A friend asked me today what my New Year’s resolution was going to be. Now, it’s important to note that I haven’t made an actual New Year’s resolution in many, many a year. Why? Well, first, I figure any day is as good as the next to change your life. Second, I’m social but not so much a ‘joiner’ in that kind of way. I’m all for the support network that it can create for several people to make a change in their lives at once (hello, No Butts), but at some point in my life, I threw off that heavy mantle of peer pressure when it came to my major decisions and making them on a particular day.
I crack me up.
But, on January 1, when I thought about my friend’s question, I realized that I just so happened to be at one of those pivotal points where, over the last several days, I already had been feeling the need to make some adjustments in my life, and it just so happened that it was a good day to put it into words and solidify the concept in my mind.
I will slow my life down. The last few months have moved at a whirlwind pace. I totally understand why I chose the pace that I did, and while it may not have been perfect, it was absolutely valid. I’ve reached a place now, though, that I’m ready to step back from that pace and do a bit more pausing in my journey. I’m feeling quite happy and content with that — and I also know it’s the right thing for me because I don’t give a damn if anyone else is happy and content with it; if not, they are free to keep going at their own pace. That’s a good place for me.

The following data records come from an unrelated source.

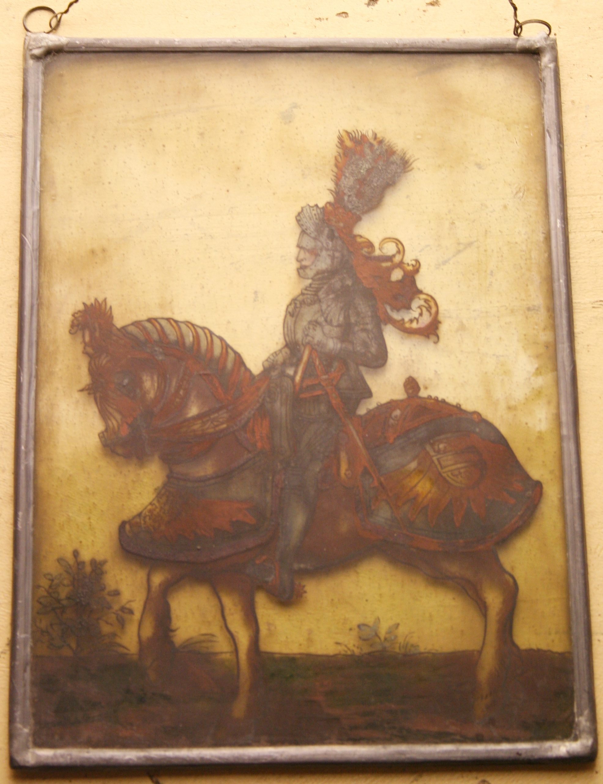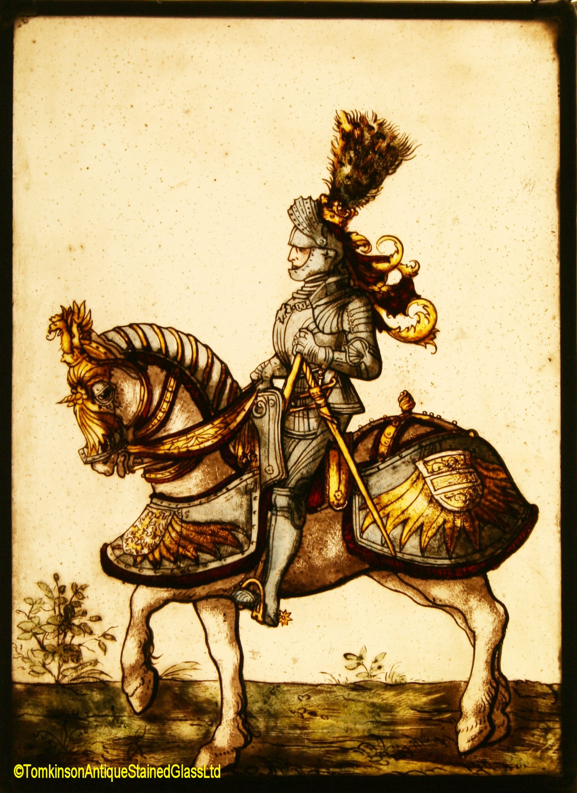 Antique stained glass panel, hand painted depicting a mounted Knight and his horse in full parade armour. 19th century, painted in 16th century style. In excellent condition and with hanging loop attached.
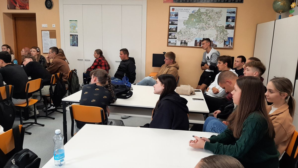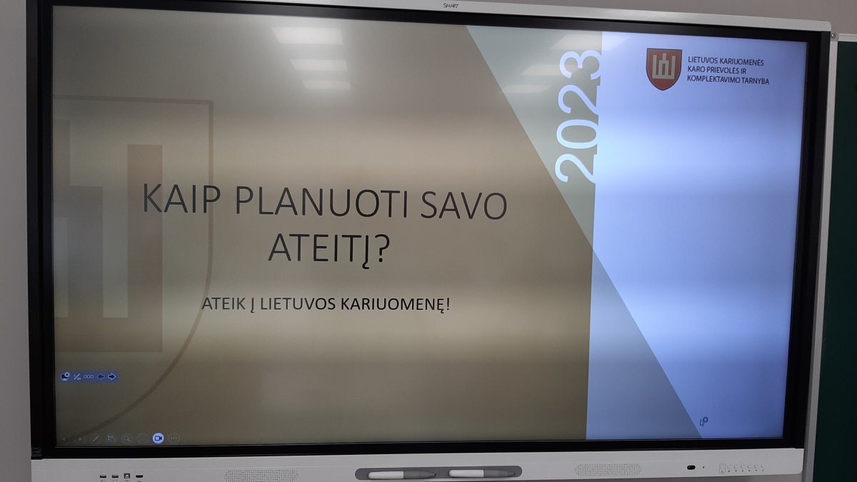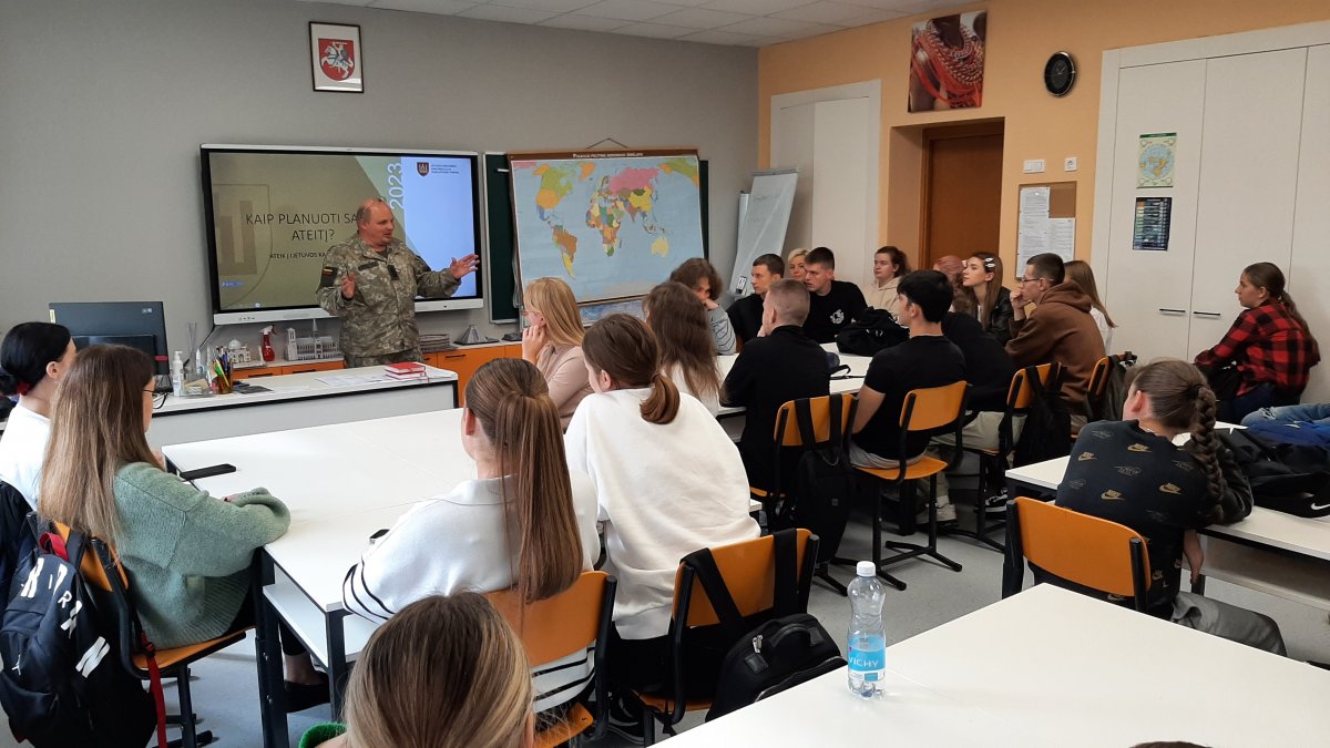 Spalio 3 d. IVG klasių mokiniai dalyvavo susitikime su viršila Eimantu Tamulynu. Susitikimo metu vrš. E. Tamulynas supažindino moksleivius net su 4 karinės tarnybos būdais: nuolatine privalomąja pradine karo tarnyba, kario savanorio tarnyba, jaunesniųjų karininkų vadų mokymais, profesine karo tarnyba. Įvardintos socialinės garantijos bei galimybė derinti tarnybą su aukštuoju mokslu paskatino abiturientus plačiau pasidomėti kario profesija.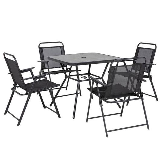 Outsunny Outdoor Dining Set W/ Umbrella Hole Table, Patio Furniture Sets, Black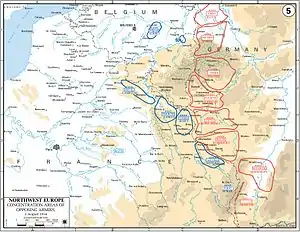 Under Plan XVII, the French peacetime army was to form five field armies of c. 2,000,000 men, with groups of Reserve divisions attached to each army and a group of reserve divisions on the flanks. The armies were to concentrate opposite the German frontier around Épinal, Nancy and Verdun–Mezières, with an army in reserve around Ste. Ménéhould and Commercy. Since 1871, railway building had given the French General staff sixteen lines to the German frontier against thirteen available to the German army and the French could wait until German intentions were clear. The French deployment was intended to be ready for a German offensive in Lorraine or through Belgium. It was anticipated that the Germans would use reserve troops but also expected that a large German army would be mobilised on the border with Russia, leaving the western army with sufficient troops only to advance through Belgium, south of the Meuse and the Sambre rivers. French intelligence had obtained a 1905 map exercise of the German general staff, in which German troops had gone no further north than Namur and assumed that plans to besiege Belgian forts were a defensive measure against the Belgian army.[4]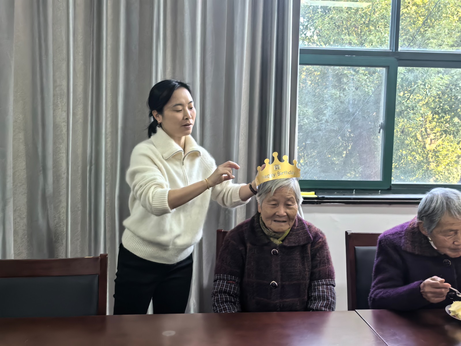 活动现场,志愿者们早早准备好食材,大家分工协作,调馅、包饺,忙得不亦乐乎。随后,老人们纷纷到场欢聚一堂,共庆集体生日。伴着温馨的《生日歌》,巾帼志愿者们为寿星们戴上生日帽、送上香甜的蛋糕。老人们围坐在一起,品尝蛋糕闲话家常,分享着生活中的家风小故事,脸上洋溢着幸福的笑容,现场充满欢声笑语。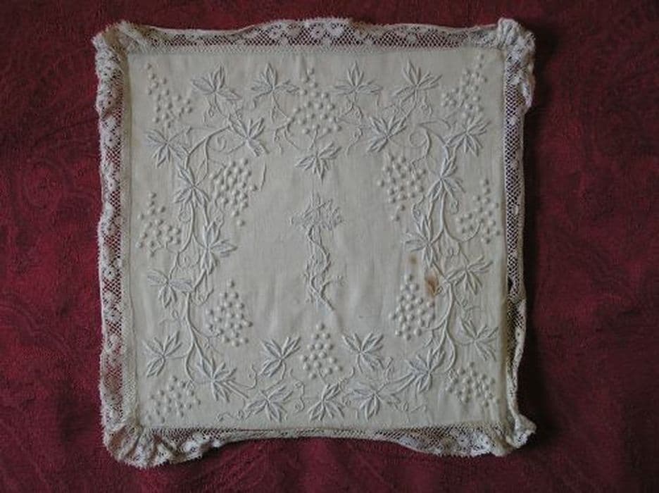 Pale en lin blanc uni brodé au passé en relief. Bordure en dentelle.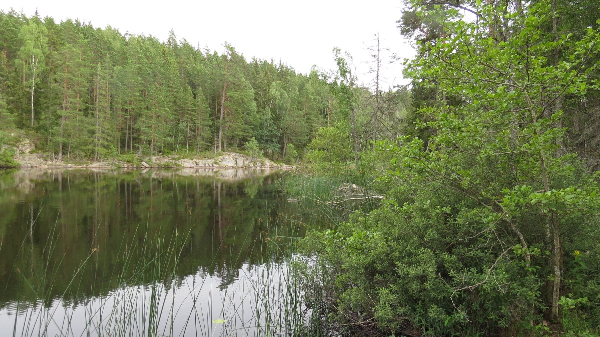 | Jag kom till denna sjön på västsidan, men ville komma runt till östsidan och de fina badklipporna, men det var rätt trassligt att passera utflödet ur sjön. Jag lyckades till slut komma dit, men utan mina pinaler – jag fick slå läger på västsidan och simma över. | ||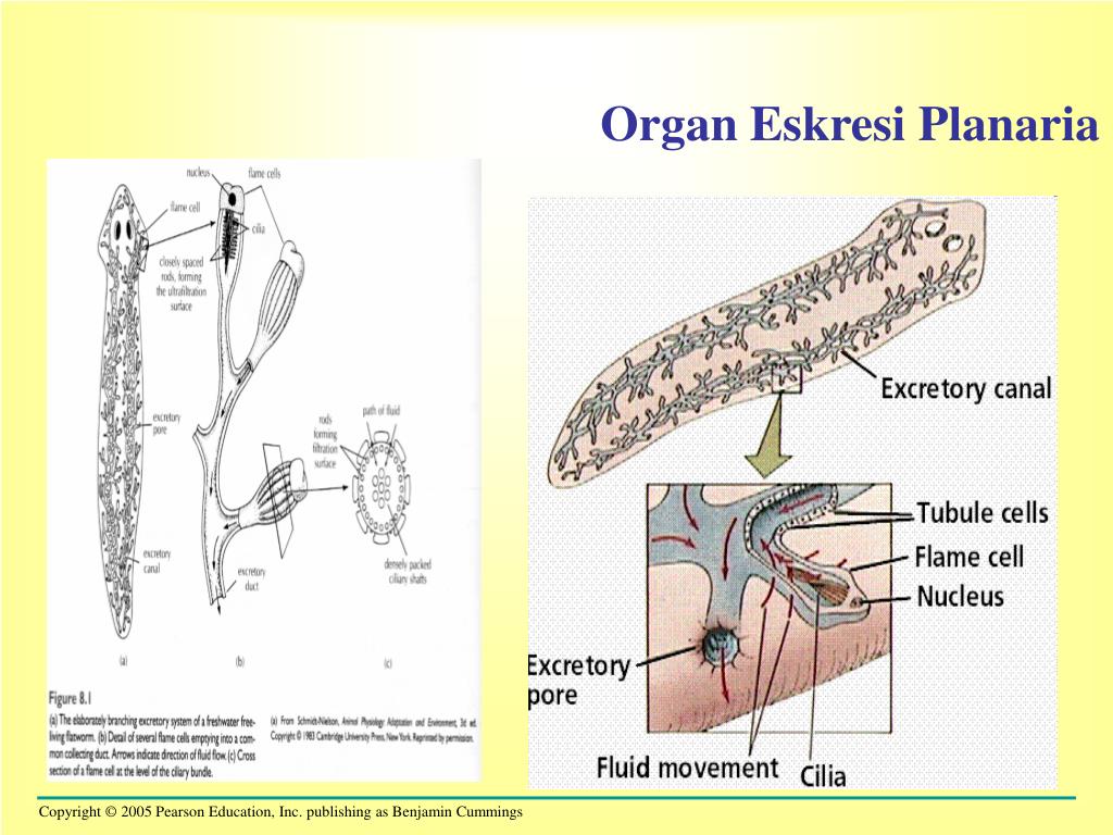 Mulut —tempat masuknya makanan, terletak di bagian ventral. Pada mulut, terdapat saluran yang dapat dijulurkan yang disebut faring untuk menyedot makanan. Saluran pencernaan —mencerna makanan berbentuk huruf Y terbalik Bintik Mata —alat indera digunakan untuk mendeteksi cahaya (planaria menyukai gelap) Aurikel —organ penciuman Protonephridia— yaitu saluran yang menghubungkan pori-pori dengan sel api sebagai organ eskresi Struktur Tubuh Planaria Aurikel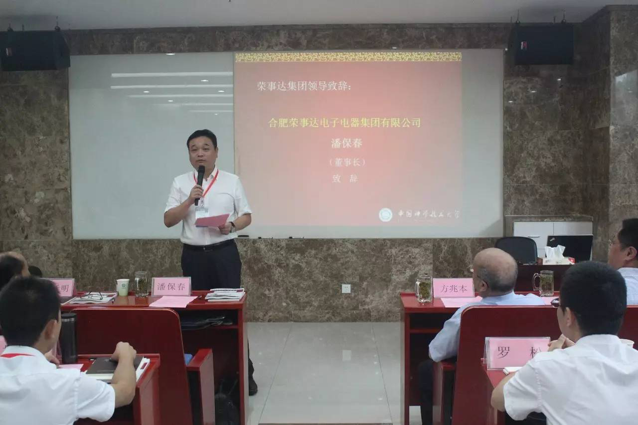 合肥荣事达电子电器集团有限公司董事长潘保春代表集团致辞,潘保春董事长首先表达了对荣事达人才培养工作给予支持的同仁和老师的衷心感谢。潘董提到,有中国“科技英才的摇篮”之称的中国科学技术大学培养和塑造了众多的社会英才;而以“全国大企业双创典范”享誉全国的荣事达,则搭建“智能家居全价值链双创中心”平台,面向全社会免费开放大企业优势资源,培养了一大批有责任心、有担当、富家国情怀的企业家。本次研修班是中国科大与荣事达集团校企合作的进一步深化,希望能共同为祖国大国崛起的道路添砖加瓦。最后,潘董希望同学们珍惜这次学习机会,充分感受科大的科技、人文气息,严格要求,不断提升,全面展示荣事达人的良好形象与精神风貌。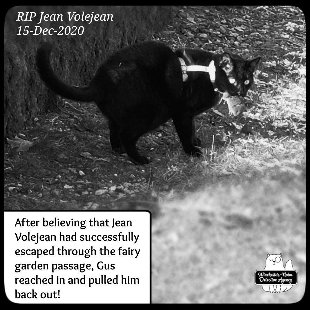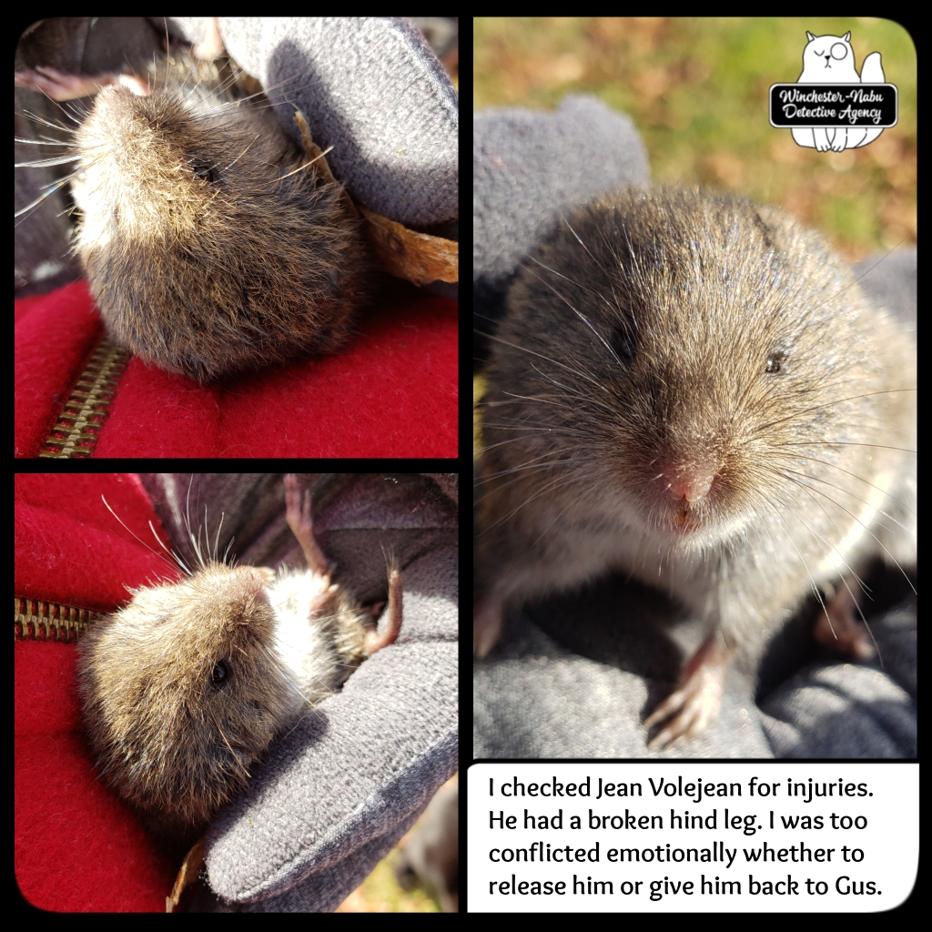 Jean Voljean must have had an incredible and noteworthy life. He was survivor. He knew how to battle against Gus, but it wasn’t enough. Even heading for secret tunnels didn’t give the brave vole the protection he needed. The Grumpy Old Man was surely happy to hear the news of another vole vanquished.

I will reexamine, redefine, and take comfort in my own boundaries. Wow, I have sucked at this — for years. I’ve been lucky to make some great friends recently though, friends who challenge me in my life and seek my counsel in their own, friends who make me laugh and smile in ways I’d forgotten I could, friends who are very excited to know me and enjoy what I bring to the table of life. I feel blessed and lucky. I feel accepted. I feel equal. And with that, I have found a perfect place to test, redefine, and assert my boundaries, for myself and others. That is a rewarding feeling and a huge part of feeling like I now have the opportunity to slow down a bit.
I will remember my own strength. This is an easy thing for a person to misplace. We forget that we are stronger than the sum of our parts, of our experiences, of how others have treated us. And when we are feeling our strength, it is very easy for us to forget that it can be wielded against others, even when it is not our intention. There is a fine line between using our strength for ourselves and letting it attack other people who don’t deserve it. That is a line I want to pay attention to and remember, from both sides.
Welcome 2011. May you be as bloody awesome as I plan to be to myself.